Pitch 2: Finish the slab corner and gain the base of the headwall. From here head left, behind a detached feature and start piecing your way up the mixture of crack and slab climbing until you're within striking distance of THE bolt, an archaic star-drive. Build a belay 20-30 feet below the bolt. 120 ft

Pitch 3: Gain the bolt, clip it just for the hell of it and venture right across a chickenhead traverse. Remember that manky bolt? Pretty much your only pro for around 100 ft of traversing. I was able to plug a dubious #2 at one point but the "cracks" are all very flaring. So only two pieces in 100ish feet. Traverse until you gain the "double cracks"—again, really only flaring troughs.
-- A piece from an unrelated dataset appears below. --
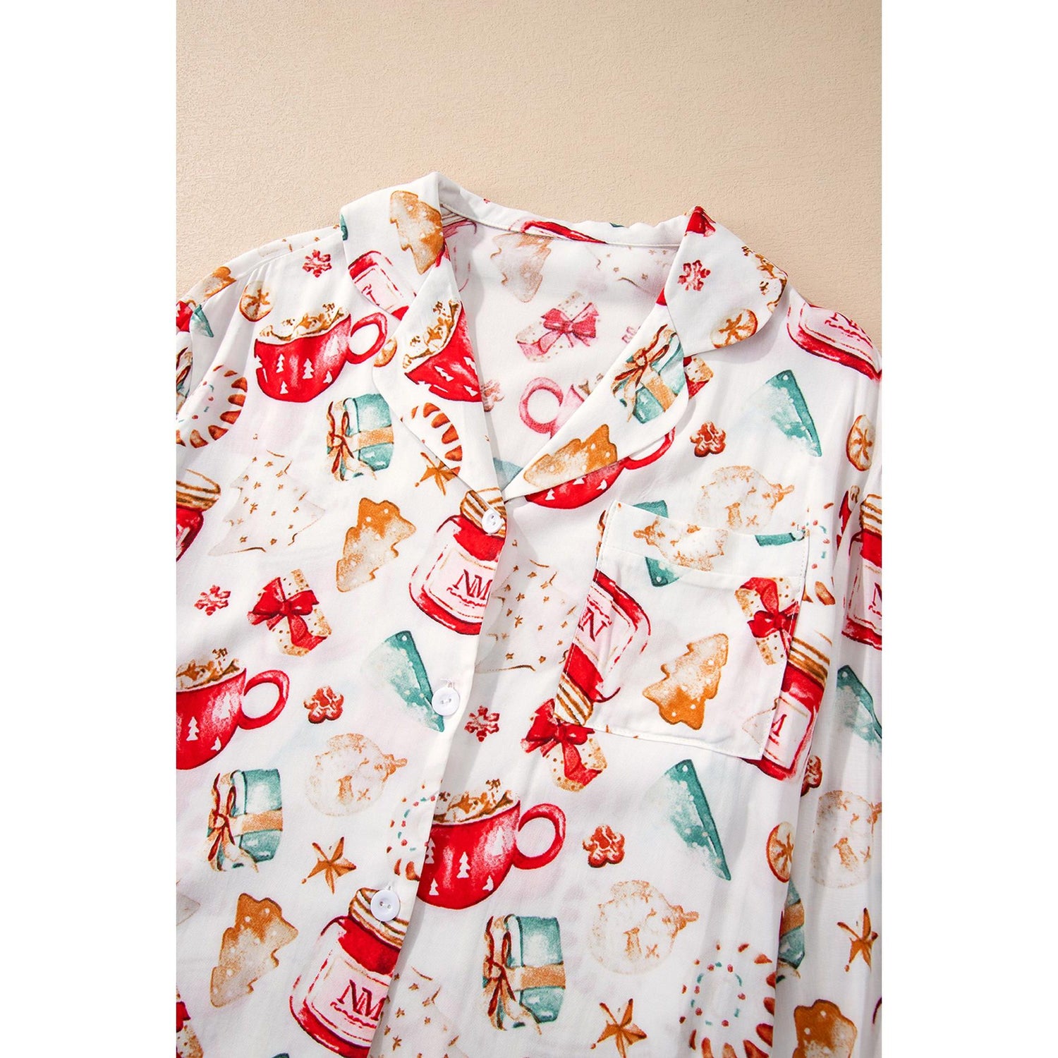 White Christmas Pattern Long Sleeve Shirt and Pants Pajama Set - XL

Surmount the righthand "crack" of the two and gain and little belay alcove up right.  150 ft, R

Pitch 4: From the alcove, head up horrid rock through a bush move and into a desperate shallow corner (for the 3rd time, NOT a crack but a flaring trough). Place gear/sling bush down low while you can because I had to literally DIG a mantle move into a shelf of soil at one point and the only pro was a hail-mary tri-cam juuuust barely clinging to a constriction. Get through the hectic stuff and slab up to a BIG mahogany tree, ledge and belay. 100 ft

Pitch 5: Above the tree, the right-facing corner system provides the most enjoyable climbing and the path of least resistance (which you've had enough of by now). Look for intrusive dikes or ledges to traverse across the slab with and follow your nose up until you find the top and rap anchors. 130-160 ft

Now was that so bad?

Either take the fairly good looking walkoff trail or rap 'The Bellagio' or 'For Whom the Bells Toll'


Hike all the way to the base of the second waterfall (cue 'Ode to Joy'), which is simply jaw-dropping and look for the ramshackle footbridge spanning the river. From here, get your schwack on, making the best of a very dense jungle of trailless approach. Do your best, aiming for the center of Waterfall Dome. Look for a series of long diagonal grooves in the rock (from left to right ////); the base of these grooves is the start of 'Waterfall Route' and 'Old Goat'


Singles to 3 (not much pro on pitch 3 anyway) with an assortment of passive stuff and plenty of long slings.